By the summer we had stopped getting together so often but we talked some on the phone.  I never really understood what happened.  She did go on a vacation for her 30 high school reunion and she did have guests that summer  It was a busy time for her and I gave her space.  After that I don't know what happened to our friendship.  I do know by keeping up with her on a shared thread on the Weight Watcher Boards she wrote about having a hard time tracking her food and that she just didn't want to track and she had gained a lot of weight on their trip.  I did call her and tried to encourage her to just mark the points off of a journal and not necessarily track the food that she was eating.  She didn't want to do that.  Later on she asked for help and accountability to get back on track.  A couple of years ago when I was visiting another leaders meeting her and Charlie came in to weigh but neither of them talked to me  It was weird.  I guess now I will never know what happened between us.  I think you all know that I would have fixed it!

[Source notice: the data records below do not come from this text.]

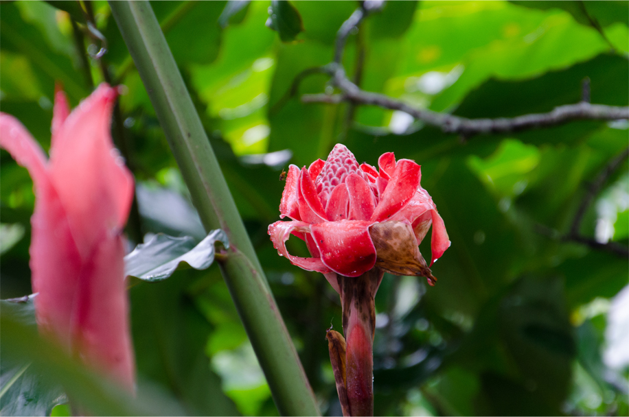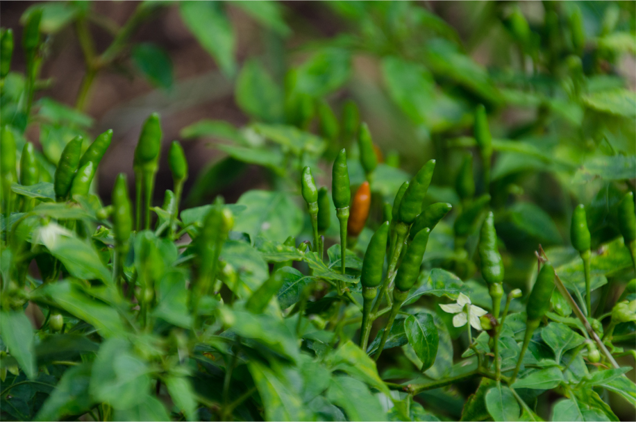 Iluh plucks several crowns of dill, tiny pods that release bursts of strong mint flavours on the tongue. We try sprigs of aromatic fern tips, then a passionfruit whose juicy, translucent beads are strangely addictive. When we return to the footpath, Iluh picks out a berry from the white pepper bush. She rubs off its delicate skin before cracking open the peppercorn, depositing it in Bama’s palm. I lean in close and take a whiff of its powerful scent.
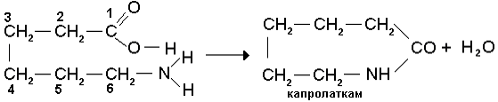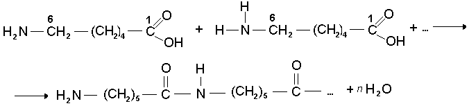 Упрощенно превращение капролактами в полимер, из которого производят капроновое волокно, можно представить следующим образом. Капролактам в присутствии воды превращается в 6-аминогексановую кислоту, молекулы которой реагируют друг с другом:
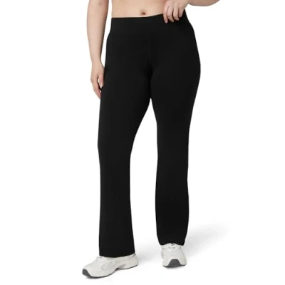 No Nonsense Women's Flared Leggings & Lounge Pants, Stay in Place Wide Waistband, Cotton Blend, Show Coverage Yoga, Black, S
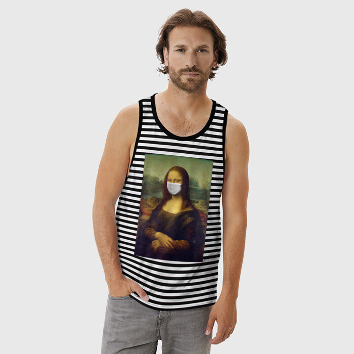 Мужская майка хлопок с принтом Мона Лиза в медицинской маске
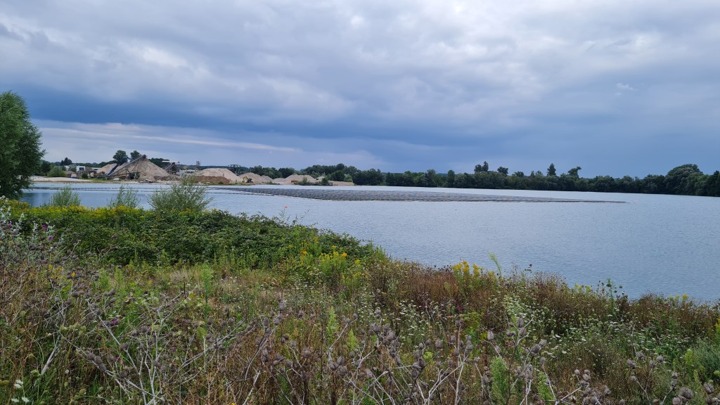 13.08.23 Eine schwimmende Photovoltaikanlage auf einem Baggersee bei Neupotz am Rhein in der Südpfalz. Schöne Urlaubsgrüße von einer wunderschönen Radltour durch die Rheinauen von Wolfgang und Kersten.
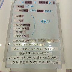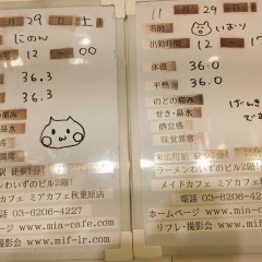 営業時間 ●ミアカフェ東京店メむドカフェhttp://www.mia-cafe.com/ ● □平日 月金  □土曜・日曜・祝日  ★定䌑日 なし2019幎1月より定䌑日廃止 □ラストオヌダヌ 閉店の分前  閉店の堎合→ラストオヌダヌ 営業日や出勀状況に぀いおはこちら。 http://pandaland.cutegirl.jp/mif/c_cms_csv/sch_top.php ●ミアリラフォト東京店撮圱䌚リフレhttp://www.mif-lr.com/ ● □党日 〜 ですがリラクれヌション出勀スタッフがいる時間垯のみ営業です。 ★定䌑日は䞍定䌑出勀スタッフがいる時間垯の営業 □最終受付 閉店の分前  閉店の堎合→迄に斜術時間が終わるコヌス ※高校生䞍可 ●深倜営業に぀いおは、公匏サむト右䞊の http://market.chu.jp/schedule1/sche37.cgi ミアグルヌプ総合スケゞュヌル・スマホ http://market.chu.jp/schedule1/sche37.cgi?dm=1 ミアグルヌプ総合スケゞュヌルガラ携垯 をご芧ください。告知日のみ営業ずなりたす。告知日以倖は深倜営業いたしおおりたせん。 深倜営業察象日 〜翌朝
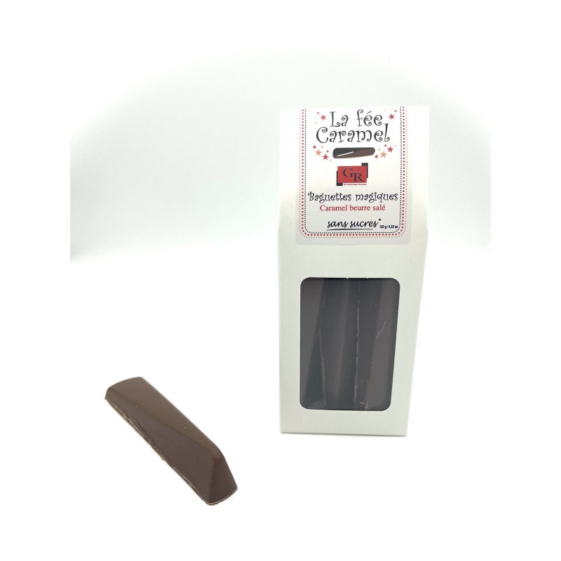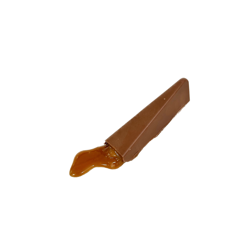 Bâtons de chocolat au lait fourrés de caramel beurre salé onctueux.
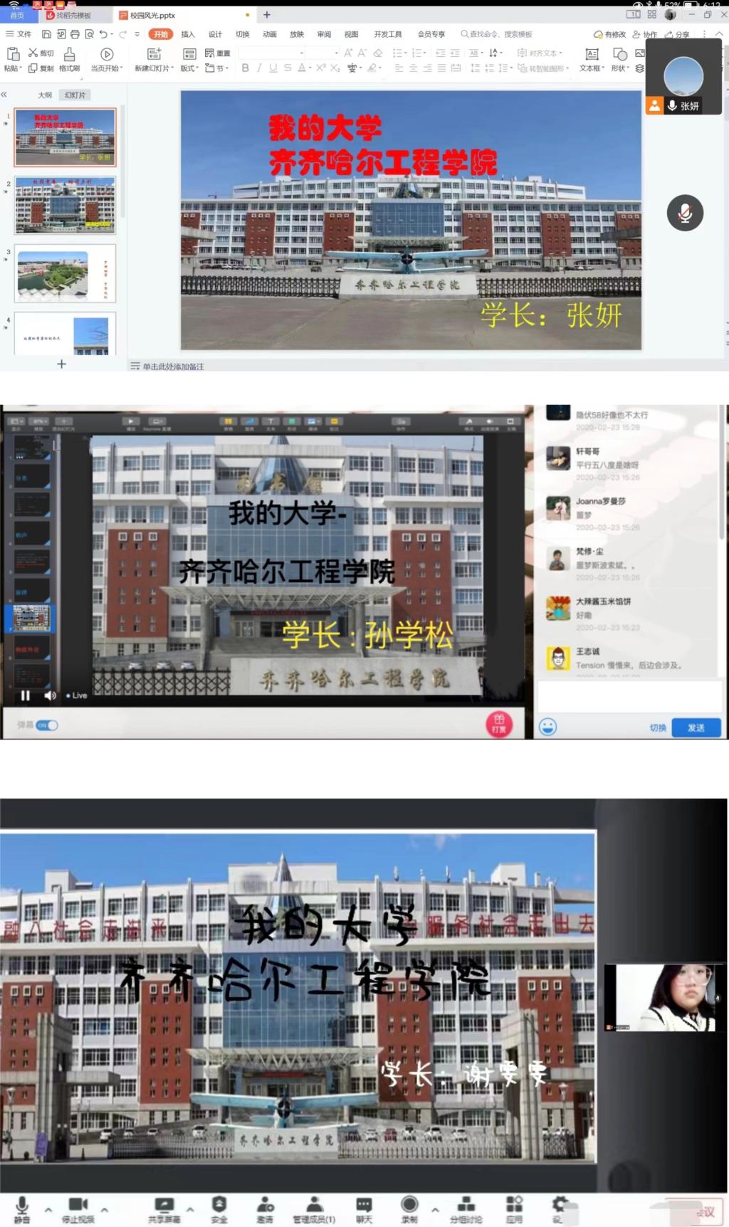 时光,依旧似流水,留下简单的身影。流浪于季节的轮回记忆中最普通的校服承载着最美好的记忆,刻录记忆的光碟,传唱母校的乐章。线上回访母校的形式打破了以往进班宣讲的常规,给人耳目一新的感觉。学姐们的认真准备,让母校学子们感受到了克服远距离的热情。学姐学长鞭辟入里的宣讲,帮助学子们对未来和人生确立了一个更为明晰的方向,那便是,不负青春,不负韶华,向着更高处奔赴!孙学松学长为大家详细介绍了齐工程的图书馆,希望大家在大学中好好努力,朝着自己人生目标奋勇前进!,谢雯雯学姐为自己的学弟学妹们介绍了齐工程的易湖及其周围的主要教学楼,这里绿树成荫,百草丰茂,景色秀丽,期待大家的到来!张妍学姐为学弟学妹们介绍了齐工程的特色护理院,这里有先进的技术设备,专业的为健康与护理系的每位学子在实践方面提供帮助。
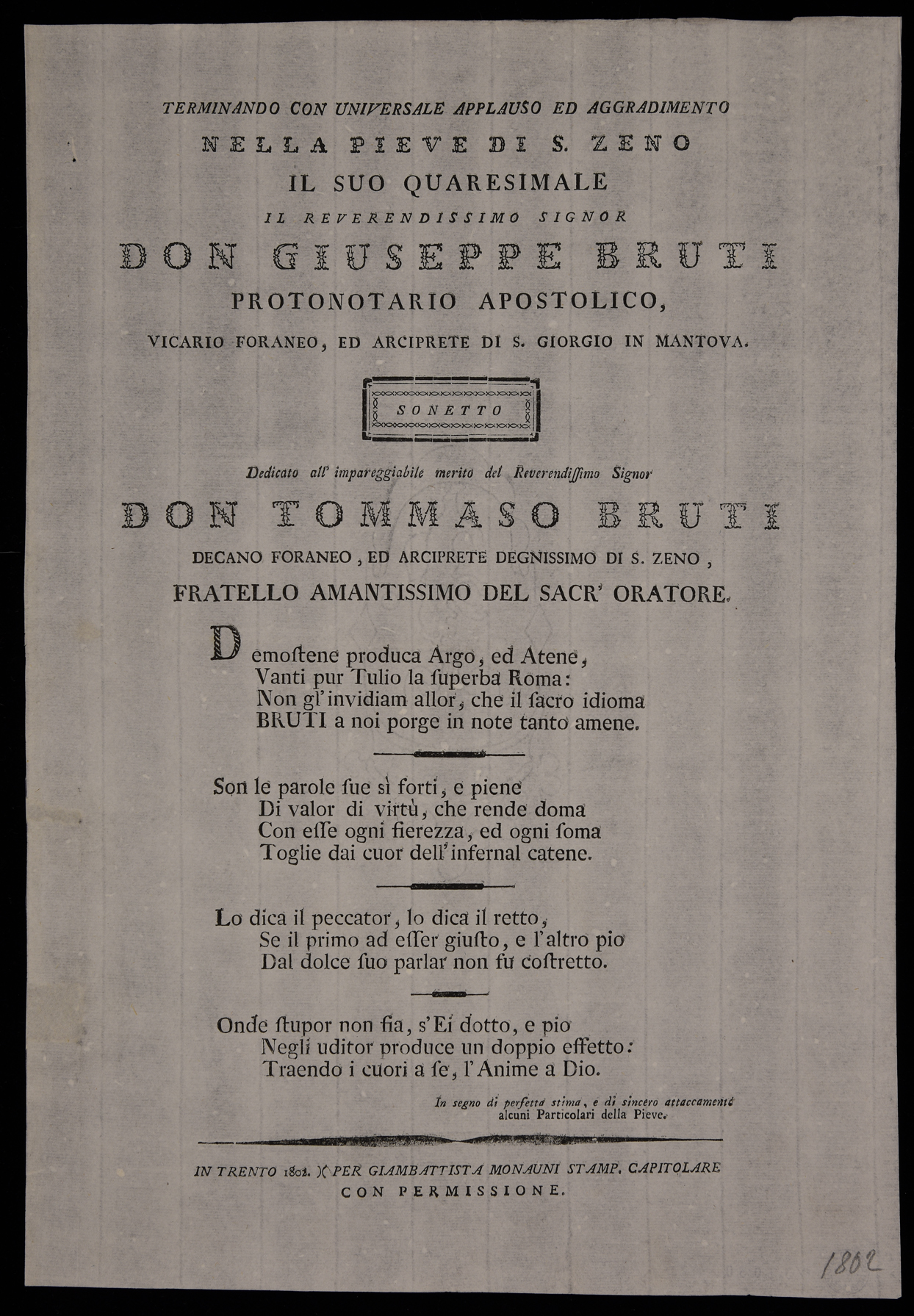 | Terminando con universale applauso ed aggradimento nella pieve di S. Zeno il suo quaresimale il reverendissimo signor don Giuseppe Bruti ... sonetto ... |
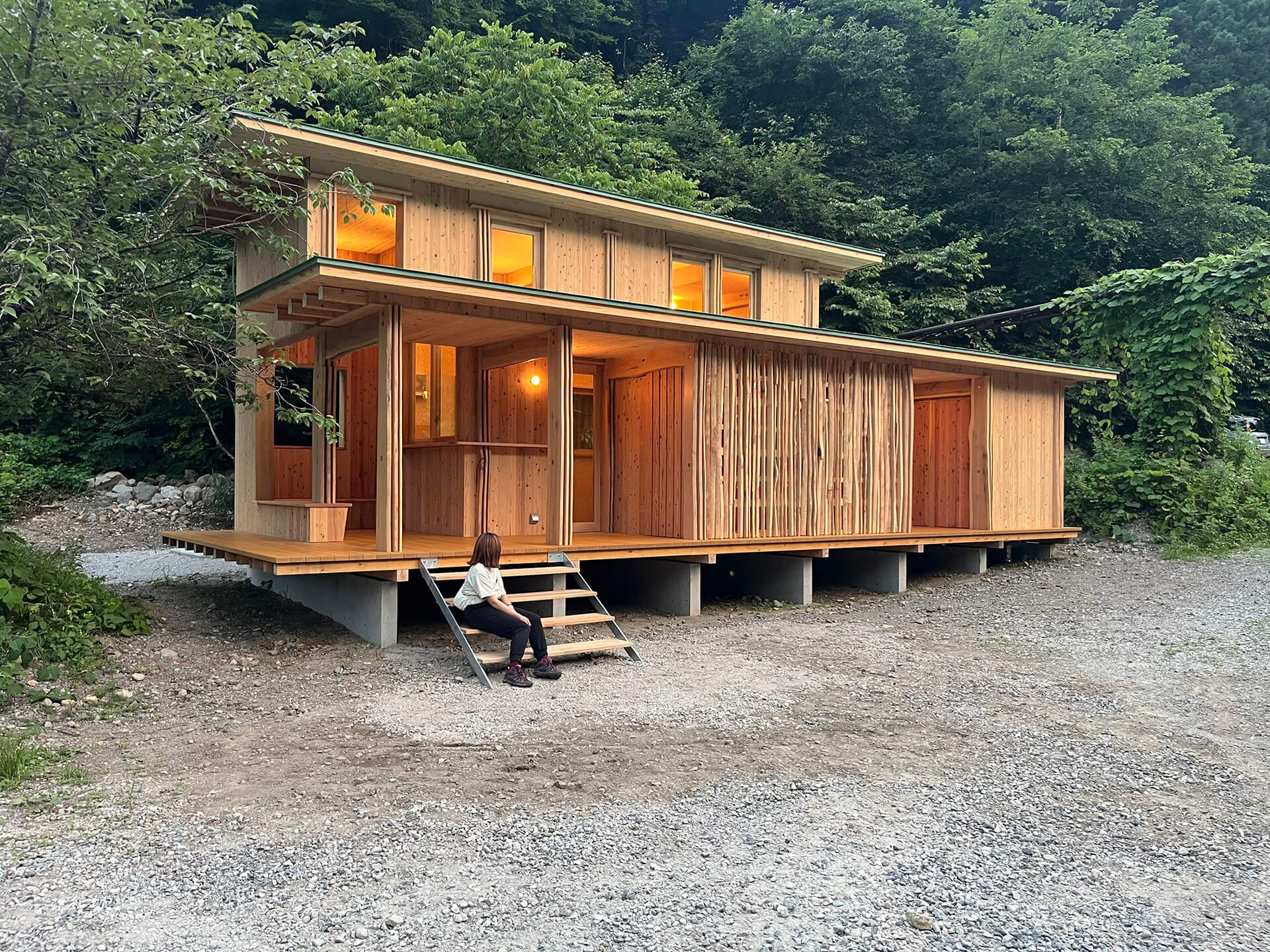 岩岡さんの運転で、次に向かったのは森の端オフィスから車で40分ほどの奥飛騨温泉のすぐそばにある、「道具番屋」という聞き慣れない名前の木造建築。建物のすぐ裏にはこんもりとした森が見えます。この森の所有者で、岐阜の駅前でテナントビル事業を営む新岐阜興業株式会社の代表・大橋司さんは笑顔で迎えてくれました。

Later on the WW Boards I heard that she had to have surgery on her feet and she had a hard time with the healing.  Then I heard she had to have a couple of toes amputated.  I knew things were not going good for her but I just didn't know how to reach out.  I did here more recently that she was back on oxygen and they were trying to get fluid off of her and her mobility had gotten her down to a walker and she was having physical therapy in her home.  All while this was happening she lost her mother whom she loved so very much and cared for.  After the passing of her mother Annette wasn't the same  She disappeared off the WW Boards and would only post every great once in a while.

I can't even begin to tell you the sadness that I have felt these last few days.  I can't even describe to you the terror that I have had that I could drop dead at anytime because of my own obesity.  I feel like I have been frozen in time.  Plus day before yesterday I came down with allergy and I have felt like crud the last 2 days. 

I didn't get to see Anna yesterday because I felt so bad.  I needed to see her.  I needed to talk to her about the fear that Annette has left me with.  I don't want to die but pushing 400 lbs is like a death sentence.  My body is not designed to weigh this much.  None of ours are.  No wonder my knees and ankles kill me.  No wonder I don''t want to getup and move.  No wonder I feel weak just walking around my own house.  I'm scared guys...really scared!!!!  I needed Anna yesterday!  Now for another week.

Kathy and I did have a phone appointment yesterday and she understood my fear but I understand what she was saying as well.  I can't change over night but I can make everyday count by making good food choice by really listening to what my body needs and wants and to EAT!  She is not happy with my not eating.  Also I haven't been logging into my Recovery Record.  We talked about what goals that I could set for this week.  I need to cook some things up and need to get out of the boredom that I seem to be getting myself in.  For the first time I think I heard Kathy say that while I was not on a diet I still needed to make good food choices and that I'm not.  I've been having a free for all enjoying all the foods that dieting took away.  For the first time I can see that I have to find a balance in all of this.

So...my dear Annette, thank you for my wake-up call.  I'm reading all over the WW boards that your passing has woke many people up.  I hate like crazy that you lost your life amongst the battle.  I wished that I had reached out to you harder.  I wish that you would have allowed it.  But, my friend, you didn't and now you are gone, but you will live on in many of us as we journey to reach the ultimate goal of having a productive life and good health.  Rest in peace sweet one, you will never know how much I love you or how much you meant to me.  I will always see your bright happy smiley face!